I bought this two days ago, and will be taking it to the range in the morning. It's a SP-101, in .357 Magnum. I liked the bobbed hammer.








This one seems built like a tank.


----------



## Jester560 (Jun 22, 2020)

That's a great gun! My wife carried one for a couple years before switching to a P365. It's a handful with full house .357s.


----------



## berettatoter (Sep 1, 2011)

Jester560 said:


> That's a great gun! My wife carried one for a couple years before switching to a P365. It's a handful with full house .357s.


Yeah, it is. I ran two cylinders of a 158 grain .357 through it. The gun handled it fine, but my cold hands were stinging. The .38 Special loads, even the +P's, were easy. I thought about putting some different grips on it...maybe in time. 

This really is a beautiful shooting revolver. Ruger has certainly over-built it. It shot perfectly for me.


----------



## bigtex10mm (Apr 1, 2021)

My wife has an SP-101 that she loves and carries. I have its big brother, the GP-100. Both are in .357mag and both are factory double action only.

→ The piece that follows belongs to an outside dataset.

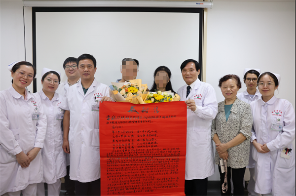 随后,梅铭惠教授和姚红兵教授为阳女士及家属送上鲜花和蛋糕,祝贺她重获新生,感谢他们对医院的信任,以及对生活的热爱。
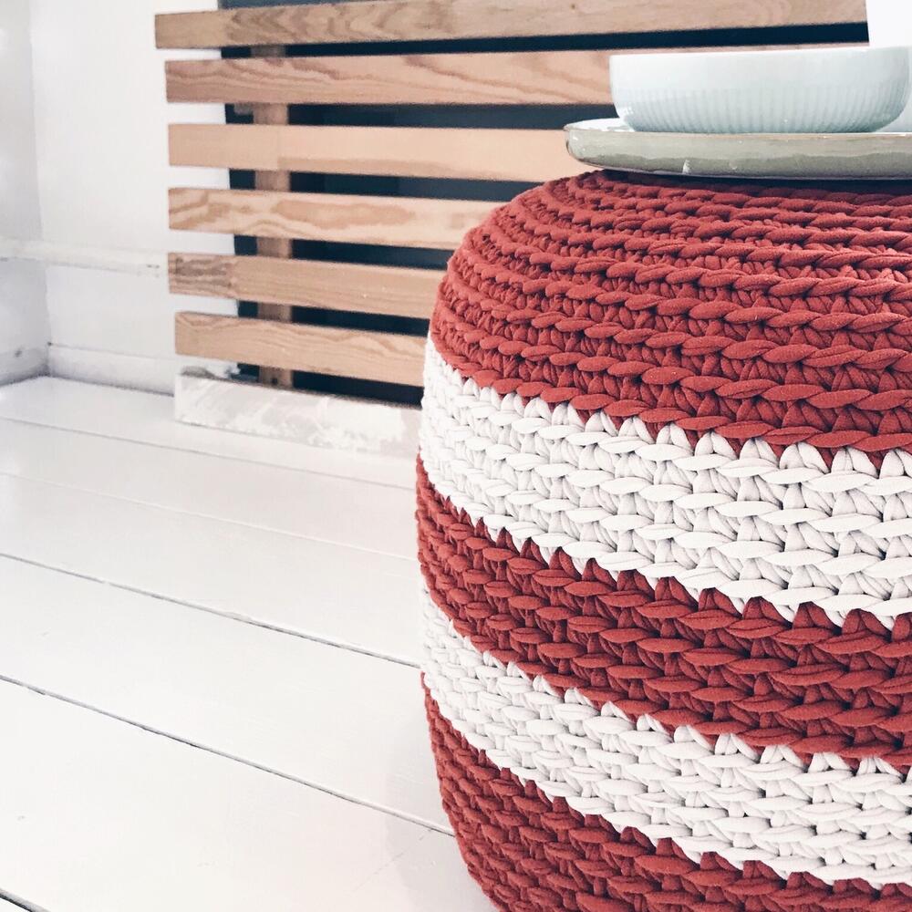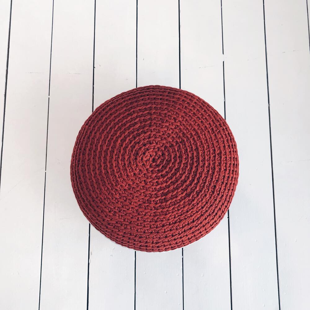 Пуф из трикотажной пряжи. Внутри мешок-основа, сшита из непромокаемого материала. Набит пуф шариками пенополистирола, самыми маленькими в диаметре, поэтому пуф не шуршит и практически не будет усадки. Отлично держит форму. Подойдет практически в любой интерьер. Отличный вариант для подарка! Можно выбрать другой цвет.

Here is how she carries hers.









Here is how I carry mine.


----------



## berettatoter (Sep 1, 2011)

Bigtex10mm, how does your wife like the Hogue grips on that SP-101?


----------



## bigtex10mm (Apr 1, 2021)

She's the one who picked them out. There was another SP-101 at the LGS we purchased them from and when she held the gun the smile on her face told me that she wanted them on her gun. With her smallish hands the grips help her maintain control when she shoots the magnum loads.


----------



## Old Wheel Gunner (Sep 1, 2018)

I like packing my Ruger GP100 Match Champion 4.2" 357 Magnum,


----------